In re the Will of Bull

Peckham, J.

The question which first arises upon .this appeal is as to the extent of our jurisdiction, whether we can review the facts to the same extent as the general term of the common pleas, or whether we are' restricted to the review of questions of law only.

If this were the ordinary case of an appeal from the general term affirming a decision of the surrogate admitting or refusing to admit to probate the instrument propounded as a will, the case of Hewlett v. Elmer (103 N. Y., 156; 3 N. Y. State Rep., 1), would be a direct authority restricting our jurisdiction to a review of questions of law only. It is contended, however, that by the amendment made in 1886 to section 2547 of the Code, our jurisdiction is enlarged in the case provided for in that section, and that it is within our power and consequently it is our duty to review the questions of fact for the purpose of determining whether the verdict of the jury upon the trial therein provided for was against the weight of evidence, and if so, to grant a new trial upon that ground. We do not think the amendment has that effect.

It refers to cases arising in the county of New York only, and even then it affects none but those which the surrogate of that county may choose to transfer to the court of common pleas for the purpose of having a trial by jury in that court, of a special proceeding for the probate of a will pending before the surrogate.
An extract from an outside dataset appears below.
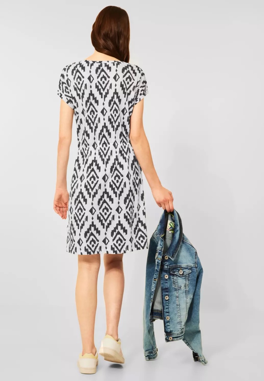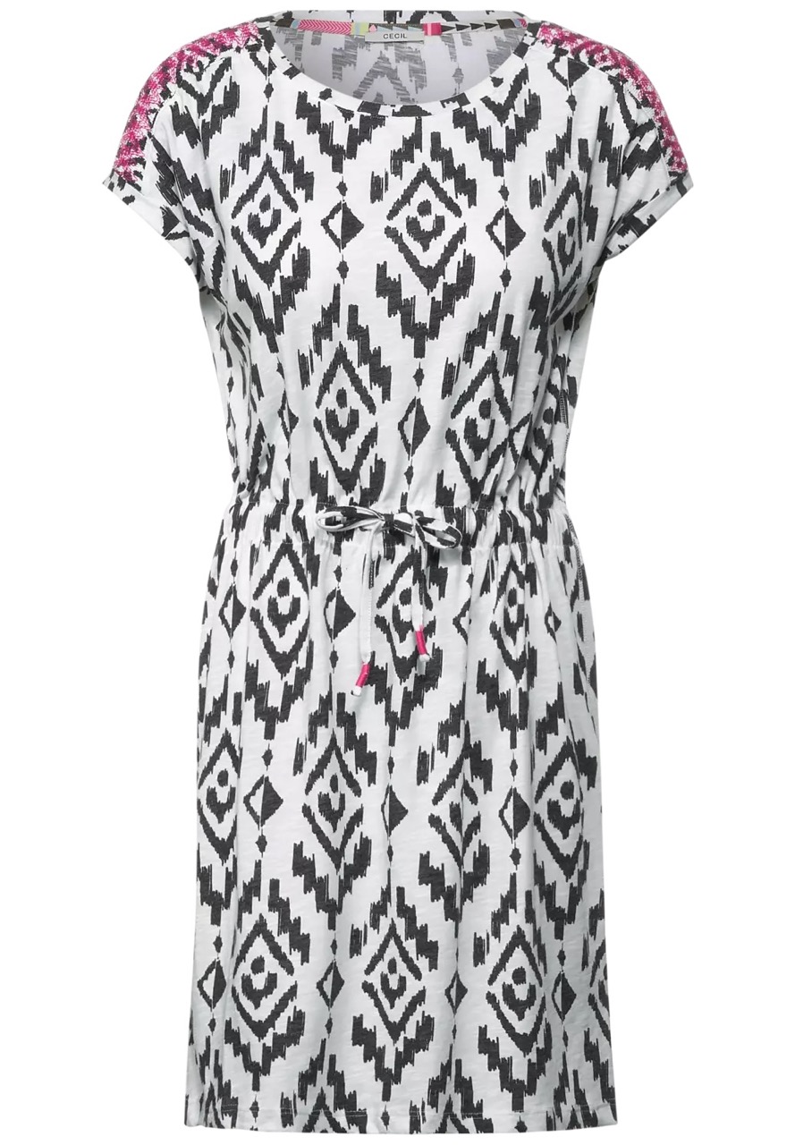 Cecil Jurken en Rokken B143256 4063041576213 Jersey jurk van Cecil in een etnisch dessin met korte aangeknipte mouwen, ronde hals, gesmokte details op de schouders en een elastische trekkoord in de taille. Materiaal: Polyester 50%| katoen 50% |

It would require the plainest language to convince us that *524the legislature meant to enlarge our jurisdiction in certain classes of probate cases coming to-this court upon appeal from one county alone in the state while in all the other counties it remained as already and "differently provided for by the Code of Civil Procedure. There is certainly no reason in the nature of the case why we should examine questions of fact determined by a jury of the New York common pleas in a special proceeding relating to the probate of a will, more than in any other proceeding or action.

The reasoning which led to the decision in Hewlett v. Elmer (supra), leads also to a denial of any such right on our part in the case under consideration. Full effect can be given to the language of the statute (section 2547), by holding that the right to grant a new trial because the verdict was against the evidence or against the weight of evidence is confined to the court of common pleas, and that the prohibition of section 1337 of the Code confines our right of review in the cases arising under section 2547, as in others, to questions of law only.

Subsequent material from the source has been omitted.